The Refreshable Braille Display was another big jump, allowing users to type in to their computers and then read back the responses or actions from a flat display that would raise and lower small nubs that, when the user passed their fingers over them, would represent braille and allow blind or sight impaired users to "see" through touch, and moving to the next line would refresh all of the characters.  

A variety of alternate input devices became commonplace in the 1980s. An example I remember seeing early on in my late teens was a large trackball where the spinning ball was the size of a softball with large buttons. Sip-and-puff switches allowed users the ability to control devices and access switches by inhaling and exhaling.

In addition to the refreshable Braille Display, braille translation software made it possible to print off documents that were translated to braille.

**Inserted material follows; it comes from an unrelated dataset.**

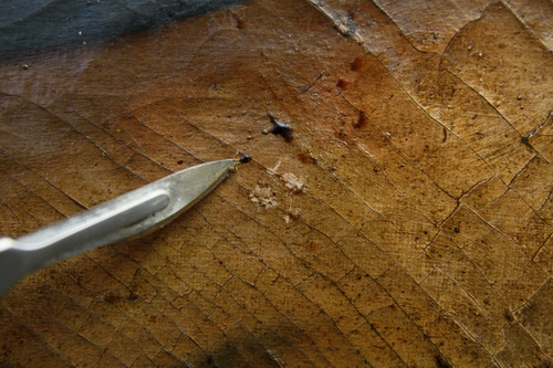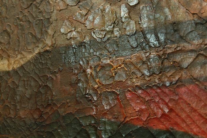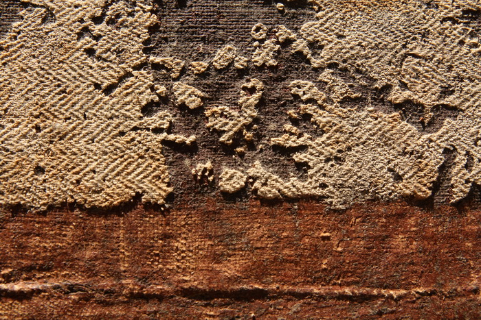 Po odstranjevanju oljnega premaza in škrobnega lepila viden 'odtis' originalnega podokvirja na originalnem platnu.
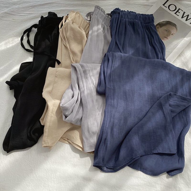 Celana ekstra besar wanita, bawahan sutra buatan pinggang elastis kaki lebar musim panas

A big step for Accessibility came with the popularization of the World Wide Web and other countries also stepping in and making laws that fought against discrimination of disabilities, as well as providing incentives for developing standards to help people with disabilities get access to information.

In the U.S. the Americans with Disabilities Act (ADA) of 1990 was passed and expanded on the Rehabilititation Act of 1973, though this was more of a physical infrastructure focus. In 1998, Section 504 got some additional strength with the passage of the ADA and Section 508, which specifically dealt with requiring federal agencies to comply with regulations making information and technology more readily available to people with disabilities. 

The UK passed the Disability Discrimination Act (DDA) in 1995. The EU likewise took center stage with the Web Accessibility Initiative (WAI) in 1997, sponsored by the World Wide Web Consortium (W3C). Australia introduced the Disability Discrimination Act (DDA) in 1992. 

The EU took steps to establish the World Wide Web Consortium (W3C), an international standards organization. It created the Web Content Accessibility Guidelines (WCAG) 1.0 in 1999, providing a framework for creating accessible websites. Today, most people who look at and consider Accessibility look at the WCAG requirements first, because if the WGAG requirements are met, a large percentage of any other country's Accessibility laws are included there. The WGAG standard continues to be debated and refined, and additional coverage has been added over the years. WCAG 2.1 is the current fully supported version but WCAG 2.2 and later versions have been in the works for quite some time.  

As time goes on and interaction with products becomes more defined by portability and touch, more accessibility features are being developed and are coming for mobile devices as well. Speech recognition, which has been an add-on for most home computer systems, is built in with most modern cell phones. Pinch to zoom and resizing are also tools that are accessible if not specifically designed for the purpose. Responsive Design is also a later development that helps considerably with accessibility. I've long said that the benefits one gets from examining agents and resizing for the display available get us 80% of the way to more accessible designs, as many of the elements needed to display the content also help with formatting data in a more accessible manner.

This is just the tip of an iceberg that could go on for a. considerable amount but this paints with a broad brush and gives some of the significant developments. I'm sure I missed several. If you feel there are some additional items or milestones I should have included, please let me know :).